Input data:

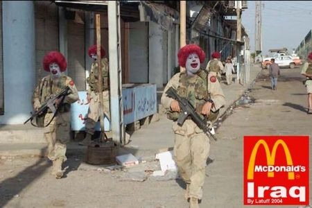 Современные британские художники Питер Кеннард и Кэт Пиктон-Филлипс (Peter Kennard & Cat Picton-Phillipps) в гробу видали власти США и Британии и поэтому в своем искусстве отчетливо выражают отношение к американским военным действиям по всему миру: «Х*й войне!»
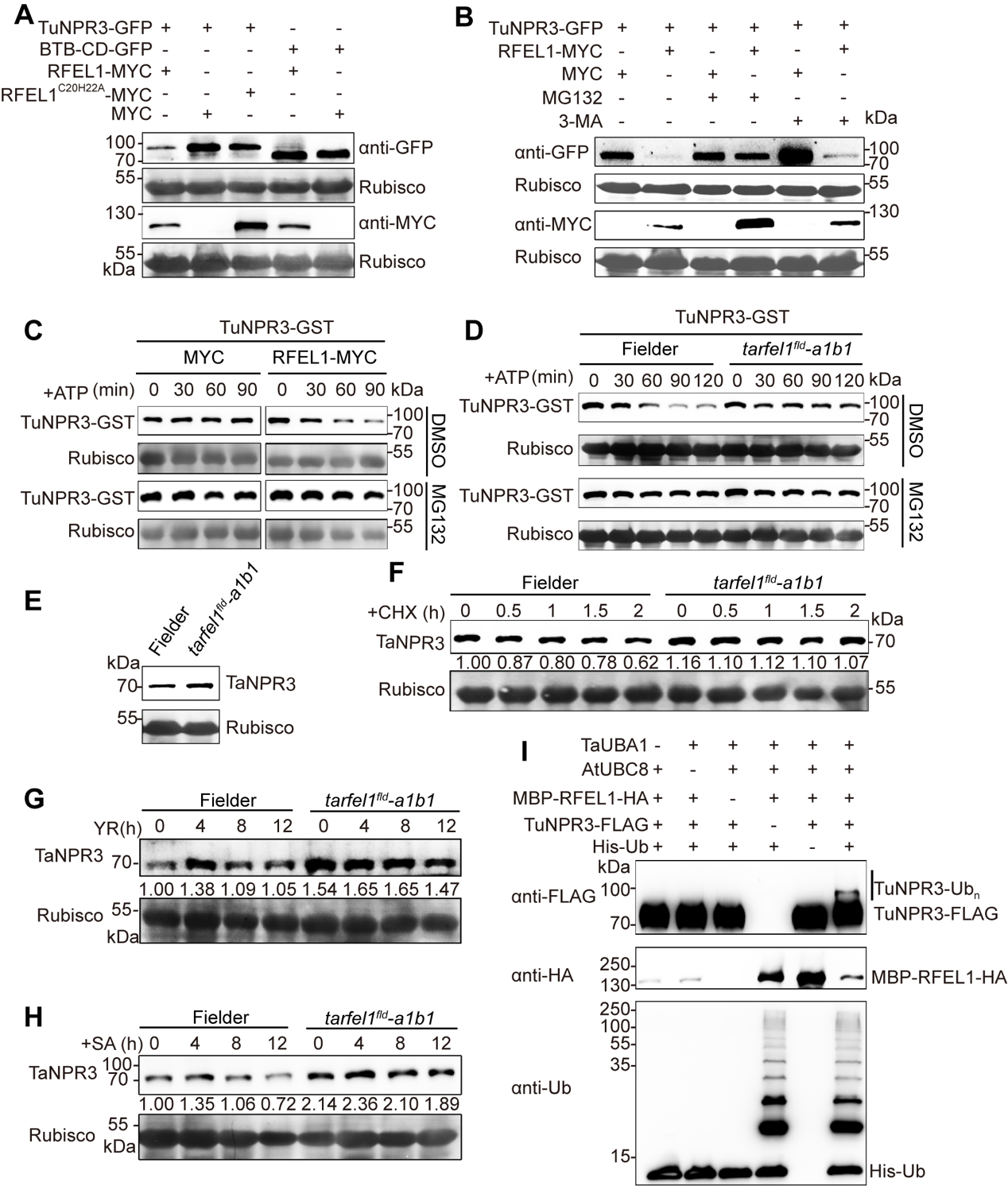 RFEL1调控小麦抗病的分子机制,本研究以RFEL1蛋白为诱饵,通过酵母双杂交筛选乌拉尔图小麦cDNA文库,确定了小麦水杨酸受体NPR3与RFEL1互作。互作实验和体外泛素化实验证实RFEL1与NPR3互作并介导其泛素化修饰。Cell-free、小麦体内、烟草水平蛋白实验表明,RFEL1介导小麦NPR3蛋白通过26S蛋白酶体进行降解(图2)。功能验证实验表明,敲除小麦
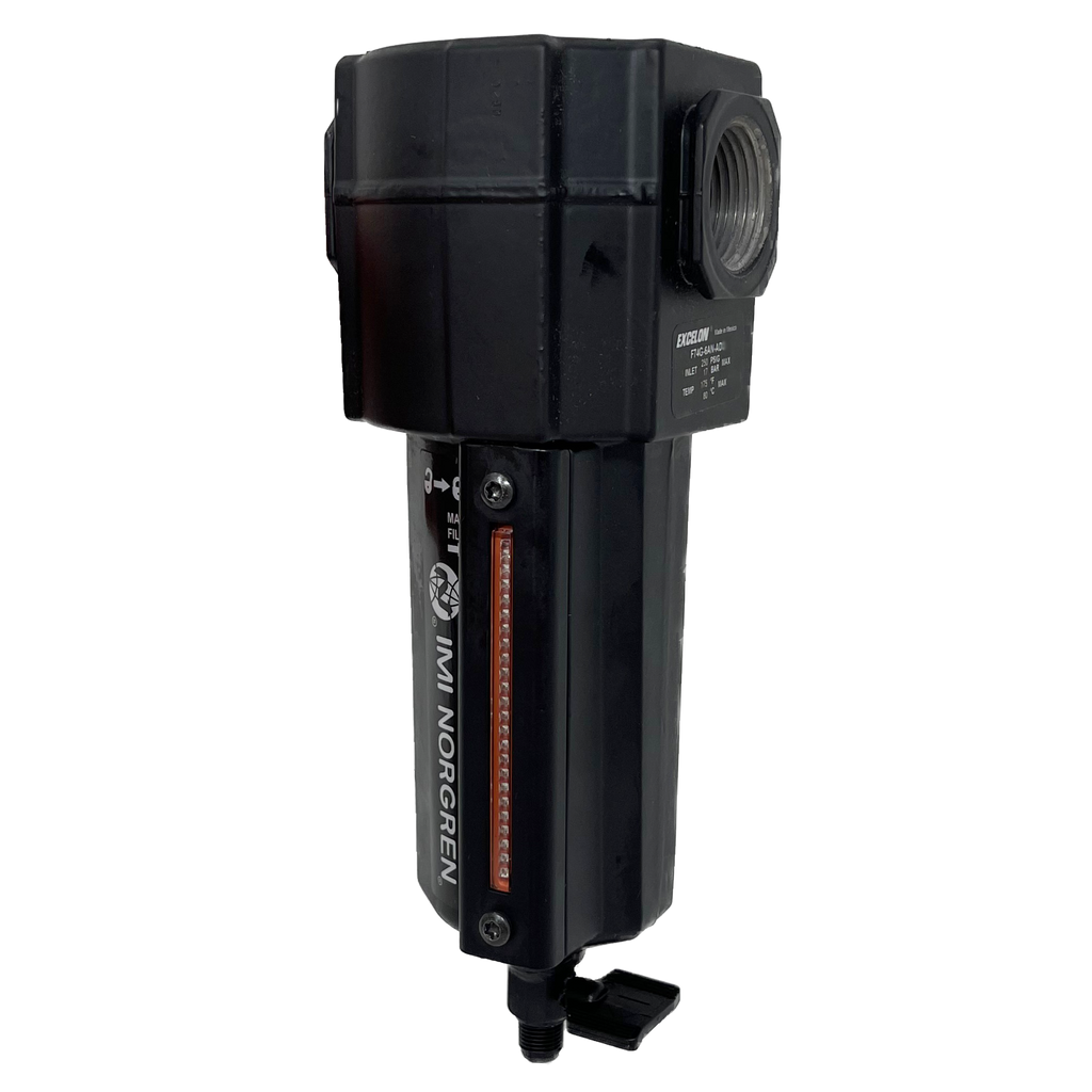 Norgren's F72G, F73G, and F74G General Purpose Filters are part of Norgren's Excelon Modular System. The Excelon design allows for inline or modular installation with other Excelon products, and the quick release bayonet bowl allows for quick filter replacement. These filters also have a highly visible prismatic liquid level indicator lens on their metal bowls.
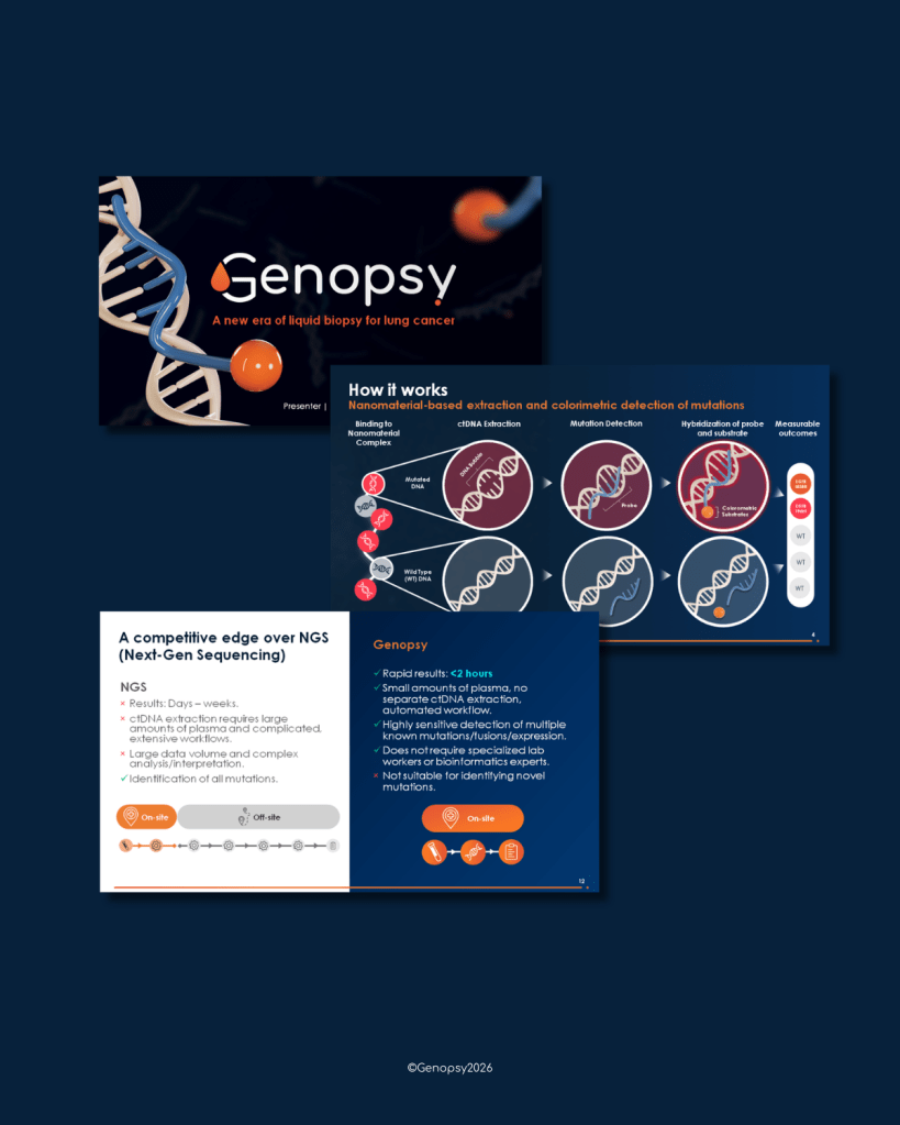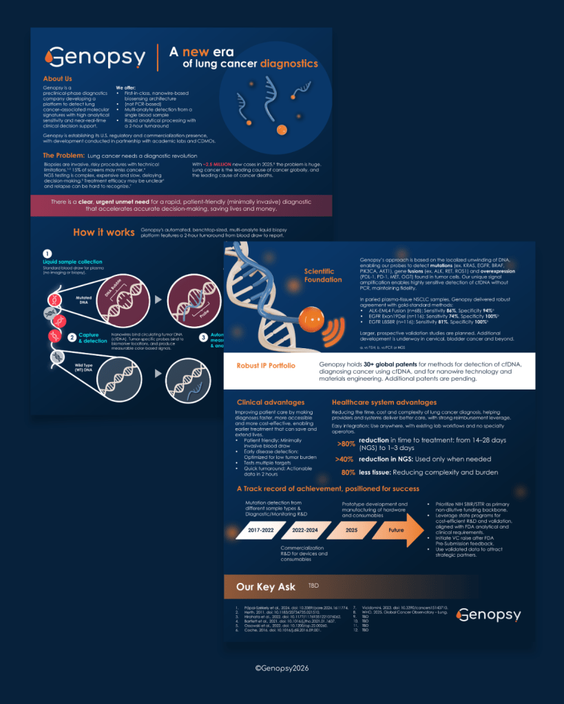 This project combined my background in brand design and medical illustration to bring together a breadth of materials for Genopsy a pre-clinical phase diagnostic company. The illustrations and associated materials help to better communicate their science to interested investors.
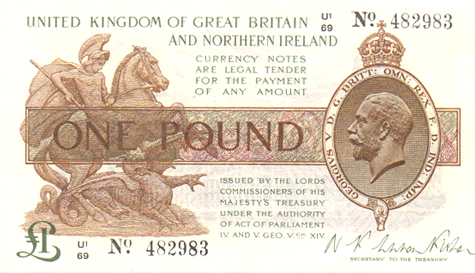 1927 Fisher - 1 Pound. Ref: T34 - 3rd issue - With "NORTHERN" IRELAND added - Black numbers. Dot below o of No● U1/75 N0. 482983 Mid series Grade: Obv. Clean. Hint of a centre crease otherwise choice. AUNC Rev. Clean Hint of a centre crease otherwise choice. AUNC
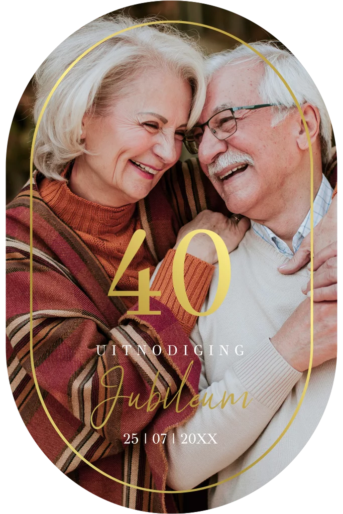 Uitnodiging huwelijk jubileum kaart in ovaal vorm met 40 jaar getrouwd, eigen foto en goudfolie.

What to produce:
Word for word, restate the lines from the line containing "1927 Fisher - 1" through the end of the data, including the first and last of them. Pictures stay out.

Output of the task:
 1927 Fisher - 1 Pound. Ref: T34 - 3rd issue - With "NORTHERN" IRELAND added - Black numbers. Dot below o of No● U1/75 N0. 482983 Mid series Grade: Obv. Clean. Hint of a centre crease otherwise choice. AUNC Rev. Clean Hint of a centre crease otherwise choice. AUNC
 Uitnodiging huwelijk jubileum kaart in ovaal vorm met 40 jaar getrouwd, eigen foto en goudfolie.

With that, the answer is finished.